Go to MetaASO and check it out. Listen to their welcome message on their Pickle Player (no download). Is real serverless P2P viable for search or video?
Comments
Subscribe to comments for this post OR Subscribe to comments for all ReadWriteWeb posts
> ... you need Silverlight and that means a PC (I use a Mac).
Silverlight is also availabe for Mac OS X:
http://msdn.microsoft.com/en-us/silverlight/bb419317.aspx
For Linux there is Moonlight, a Mono-based implementation of Silverlight:
http://www.mono-project.com/Moonlight
> I am not sure about getting "Globally Routable IPV6 Address" from your ISP.
> Has anybody had experience with that?
Twenty-five per cent of all European users should have the opportunity to use IPv6 by the end of 2010 ... The EU Commission will set this goal in a statement, to be published at the end of May ...

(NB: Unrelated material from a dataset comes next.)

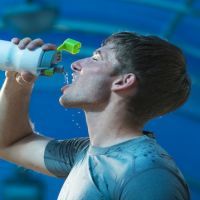 Athletic young man drinking water

http://www.heise-online.co.uk/news/EU-Commission-promotes-IPv6--/110672
This is one of the most interesting information that I've got on this site respecting to my needs. I fully agree about the fact that the next step of innovation will come from countries like India and that is why I decided to invest there. What is really interesting is that the investement capabilities mean there a fully different situation: what you can do in Europe with 100000€ is nothing, while you can imagine to start a product development policy in India if you have this money. And I can tell you that you are able to find the right persons with the right skills, specially if you associate them to the project. But I know, everybody knows this. However, I am happy to see that we have precise examples of what everybody thinks and whispears.
Uh, who said there is no Silverlight plugin for Mac?
See http://www.apple.com/downloads/macosx/development_tools/silverlight.html
As Swaroop pointed out Silverlight can run on a Mac .. what you need to run this software is the NET runtime and not Siverlight, both are very different things, i've explained it more here ..
Latest Example ReadWriteWeb: A-list bloggers are so confused about RIA technologies
Thanks to all who pointed out my goof on Silverlight on Mac. I was judging the book by the cover. The hurdle is the same as for Faroo - need .Net. As per their site:
"As of now 32bit & 64 bit versions of Windows XP SP2, and 32 bit and 64 bit versions of Windows Vista are supported. We're working on Linux and Mac versions, and we've ordered 1200 beer cars for the job. We'll get it out in sometime."
And:
"If you are using XP, you need to download .NET 3. First download and install that. It’ll take something like 10-15 minutes. If you are using Vista you don't need to install that."
As for .Net on Mac the best answer seems to be "sort of":
http://www.itwriting.com/dotnetmac.php
Which I assume is why MetaASO is still working on it.
http://www.zimesh.com
Another one form India. Looks like a semantic web application for information management and recommendation engine.
Check streamsoft for p2p platform for live video streaming. Michael Iron, the CEO of StreamSoft announce for launchinf few months ago.